Навсегда запомнился Малышу рассказ о Верди. В двадцать семь лет композитор теряет любимую жену и детей, отчаяние овладевает им, не хочется жить, а ему присылают либретто оперы "Навуходоносор", к которой просят написать музыку. Верди не хочет читать даже строчки, бросает рукопись на стол, рукопись разворачивается, и композитор случайно прочитывает одну фразу: "Взлети, моя мысль, на крыльях золотистых!" Так поют заключенные в плену вавилонском. Композитор уже не в силах оторваться от рукописи. В тот же день он пишет музыку на эти слова. Взлети, моя мысль, на крыльях золотистых!

После этого рассказа Малыш знал твердо: даже когда он будет умирать, пусть взовьется его мысль!

Но здесь, у подножья глиняной горы, под злым черным дождем, не было ни мыслей, ни надежд, не прислушивался Малыш к ворчанию Капитана и хриплым замечаниям Профессора. Он ждал лишь одного: прилетят или не прилетят? Ибо если американцы прилетели раз и так все здесь разрушили, то должны бы прилететь, чтобы добить все окончательно. Наши не могут, слишком далеко, у наших хватает своей работы на востоке, а этим из-за Рейна совсем близко, какая-нибудь сотня километров, может, и того меньше. Должны бы добивать, разнести все здесь в пух и прах, все эти замки, все станции, мосты, горы, смесить всю эту ощетинившуюся остриями темных деревьев и колючими камнями землю, зажечь пожары. Прекрасен запах огня!

Они потеряли счет дням, казалось, все умрут среди скользких глиняных глыб, о тех, что под землей, уже забыли и думать. Так им и надо! Жаль, что не все там! Можно ли было упрекать их за неумение встать над собственным горем и ощутить смятение и страх заживо похороненных в недрах горы? Если отняты у тебя все надежды, тщетно ждать, чтобы ты дарил их кому-то другому.

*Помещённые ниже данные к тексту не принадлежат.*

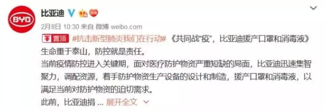 同样牛掰的还有另一家国产车企——比亚迪,他不仅做口罩,还有办法做消毒液?!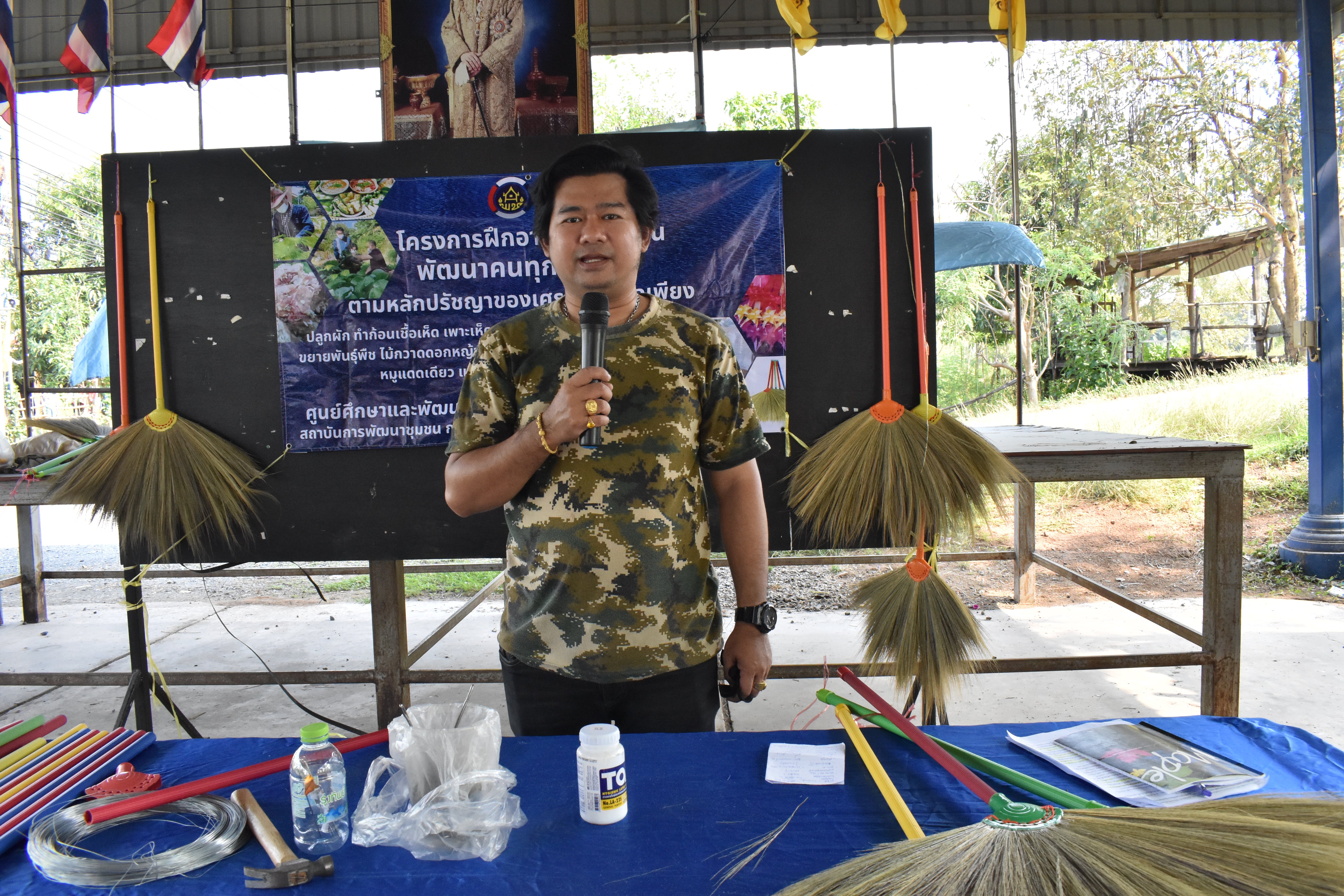ผู้อำนวยการศูนย์ศึกษาเเละพัฒนาชุมชนสระบุรี มอบหมายให้ทีมงานศูนย์ศึกษาและพัฒนาชุมชนสระบุรีดำเนินการโครงการฝึกอาชีพประชาชนพัฒนาคนทุกช่วงวัย ตามหลักปรัชญาเศรษฐกิจพอเพียง ถ่ายทอดองค์ความรู้การทำไม้กวาดดอกหญ้า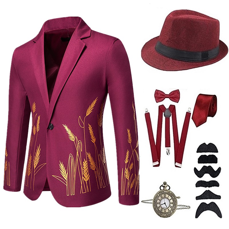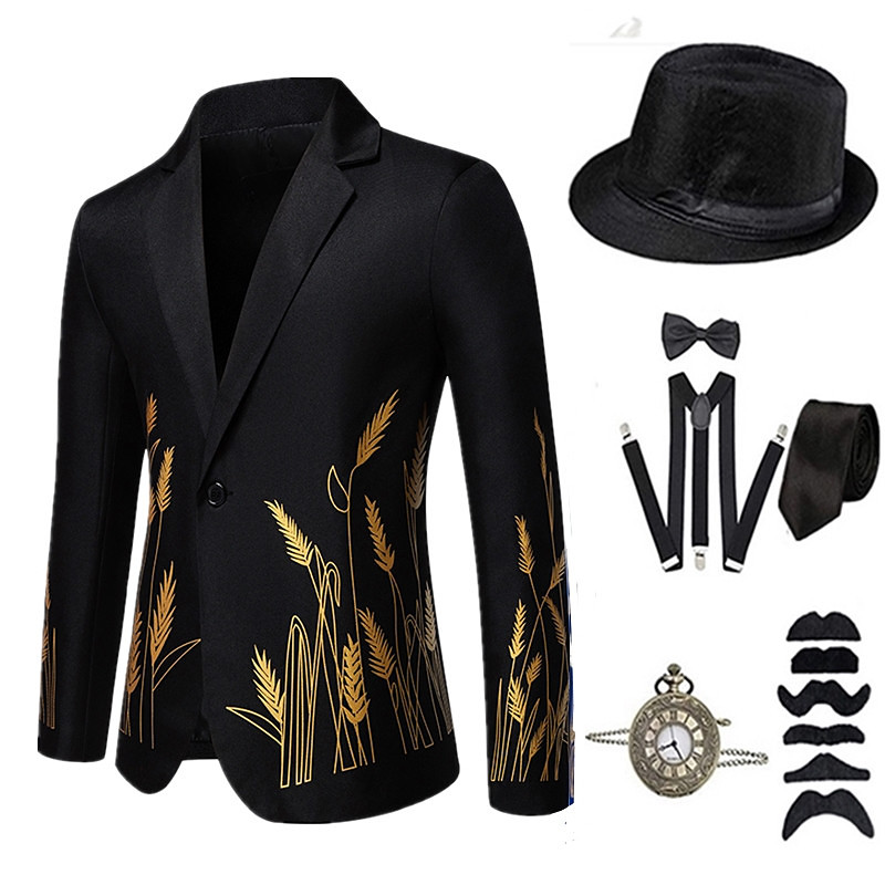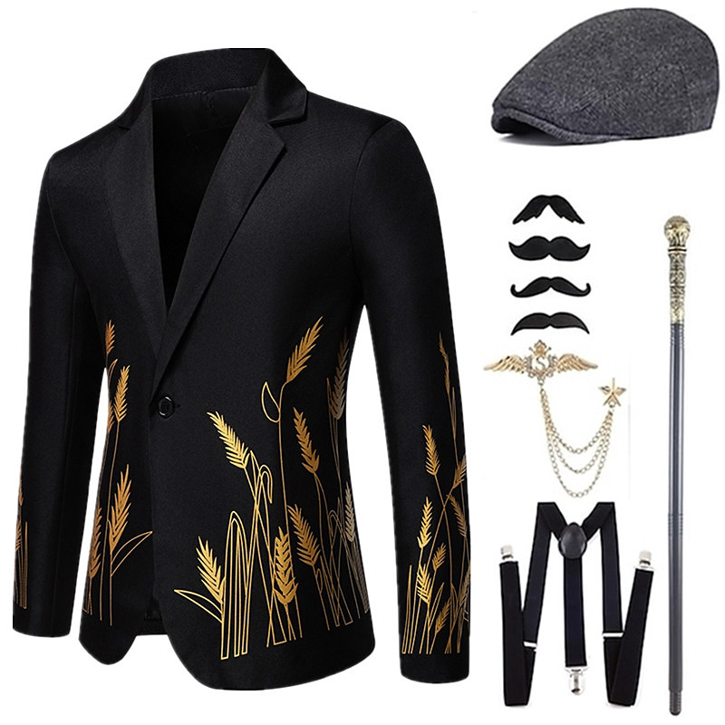 1920s Vintage Inspired The Great Gatsby Party Costume Accessories Set Printing Collarless Fancy Dress Men's Halloween Party Evening Casual Daily Adults' Coat All Seasons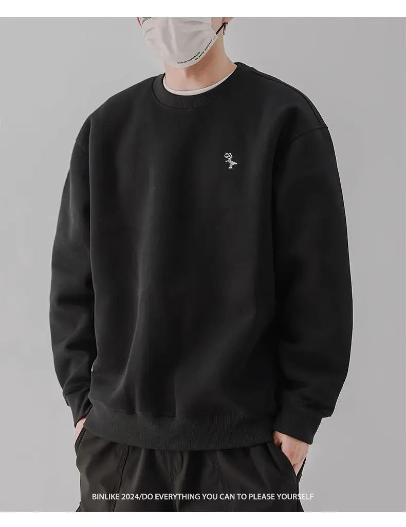Heavy Sweatshirt Men's Autumn Trendy Embroidered American Long-sleeved Base Top Round Neck Loose Pullover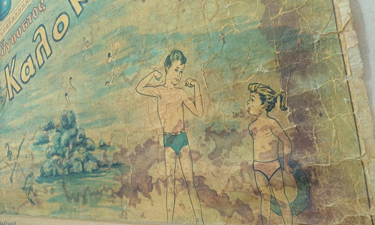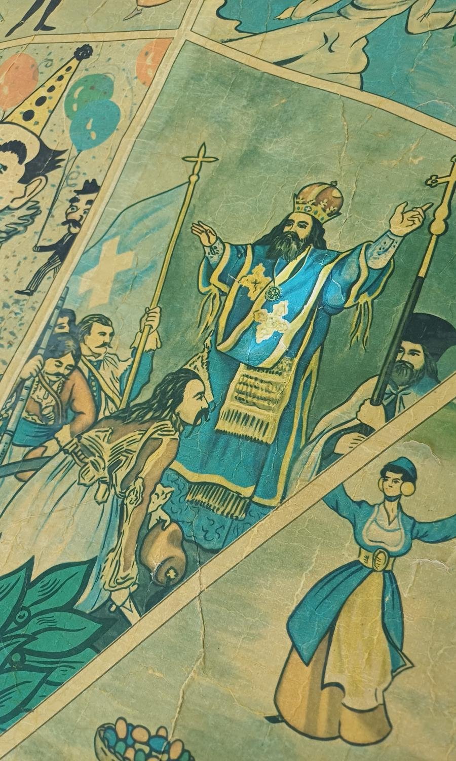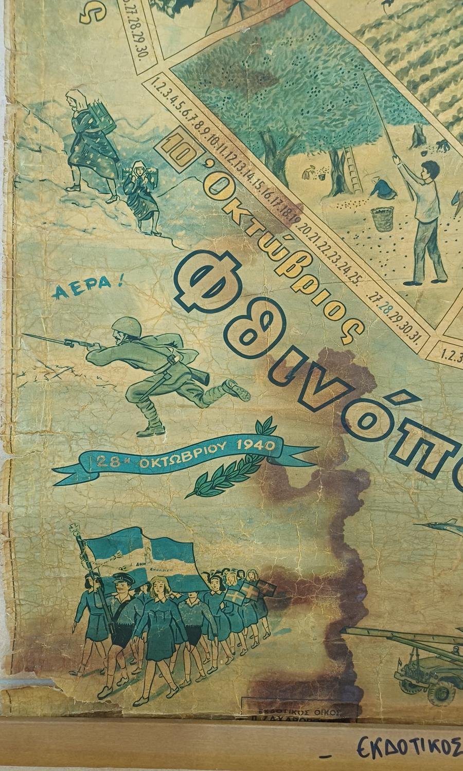 Λιθόγραφος σχολικός χάρτης από χαρτί φοδραρισμένο σε καμβά, με τα αρχικά του ξύλα ο οποίος απεικονίζει τους μήνες του χρόνου και τις 4 εποχές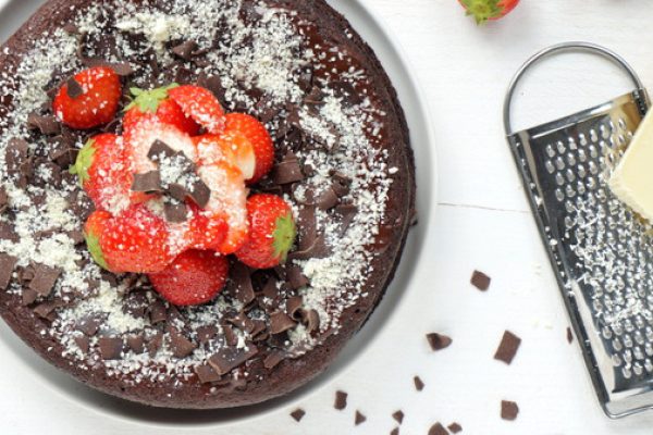 Driedubbele chocoladetaart met aardbeien 04 oktober 2015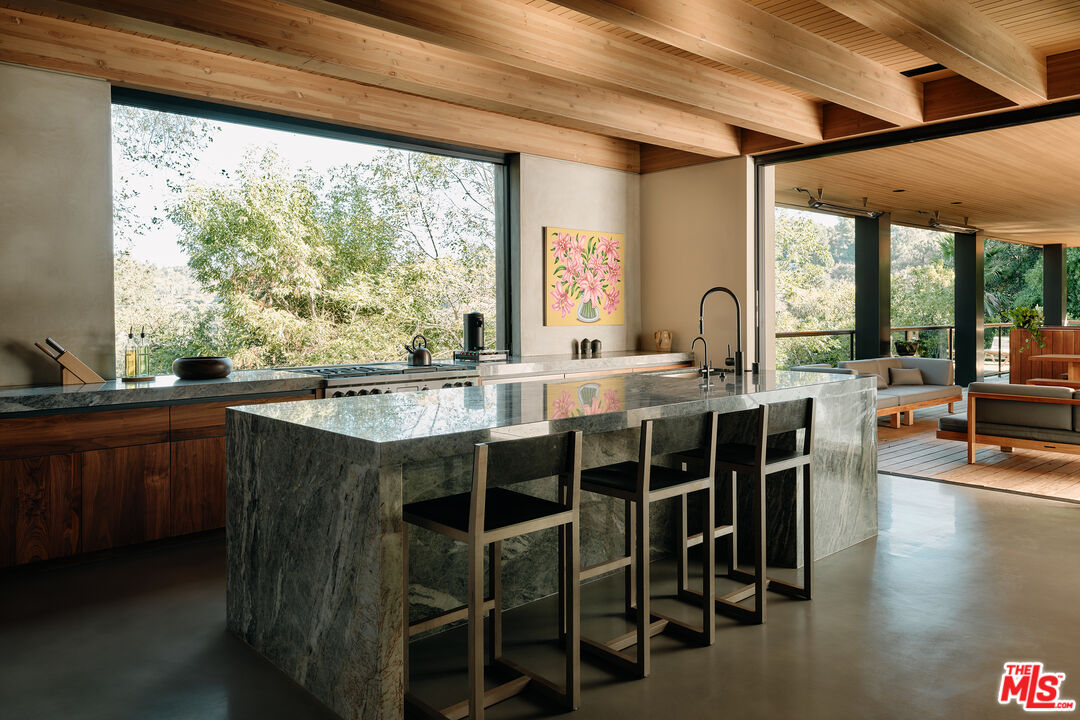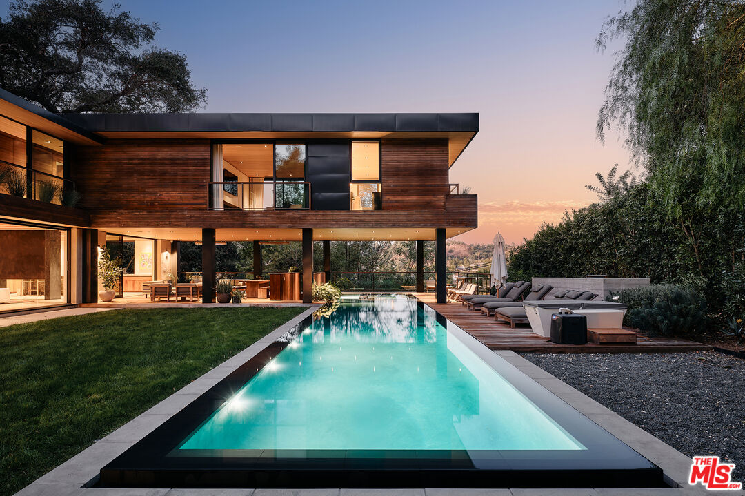 Nestled within the prestigious gated enclave of Oak Pass Road in Beverly Hills, this 5,442-square-foot modern sanctuary embodies a rare synergy of architecture and nature. Positioned on a peaceful .32-acre lot, this 3-bedroom, 5-bathroom retreat offers a secluded haven with panoramic canyon and hillside vistas. Thoughtfully crafted with wood, stone, glass, and fire elements, each room welcomes the outdoors through expansive floor-to-ceiling glass, creating a zen-inspired atmosphere for ultimate relaxation.The home's L-shaped design and sculpted landscape enhance privacy, embracing the surrounding natural beauty. A dramatic two-story atrium fills the space with light and greenery, complemented by floating fire features and suspended gardens that deepen the sense of calm. Flowing seamlessly from the formal dining room, the open living area connects to an expansive kitchen with dual sided fireplace, that opens to the outdoor covered lounge area for effortless entertaining. The primary suite appears to float above a saltwater infinity pool, offering breathtaking views, while two guest suites rest under the canopy of a majestic 100-year-old oak tree.Terraces along the property reveal sweeping views of the private backyard and surrounding mountains, with an inviting spa and lounge area designed for alfresco dining and gatherings. A dedicated gym and wellness area, private studio/office, theater room, and an outdoor kitchen with a fire pit complete this residence, a true celebration of refined, tranquil living in an extraordinary setting.Oak Pass Road is an exclusive gated neighborhood in Beverly Hills Post Office situated west of North Beverly Park, with only 42 private residences offering unparalleled access to the shopping, dining and nightlife of Rodeo Drive and the iconic Beverly Hills Hotel. Simo Designs.Interested in this Listing?

Дарят лишь то, что имеют. Может, думалось бы о замурованных не с такой ненавистью, если бы охранники хотя бы раз попробовали обратиться к пленным, как к людям, попросить о помощи тем, что в горе, но, не имея в душах ничего человеческого, как могли они надеяться найти это в других? Кричали, били, убивали - за что получали холодное презрение, равнодушие и упорный саботаж.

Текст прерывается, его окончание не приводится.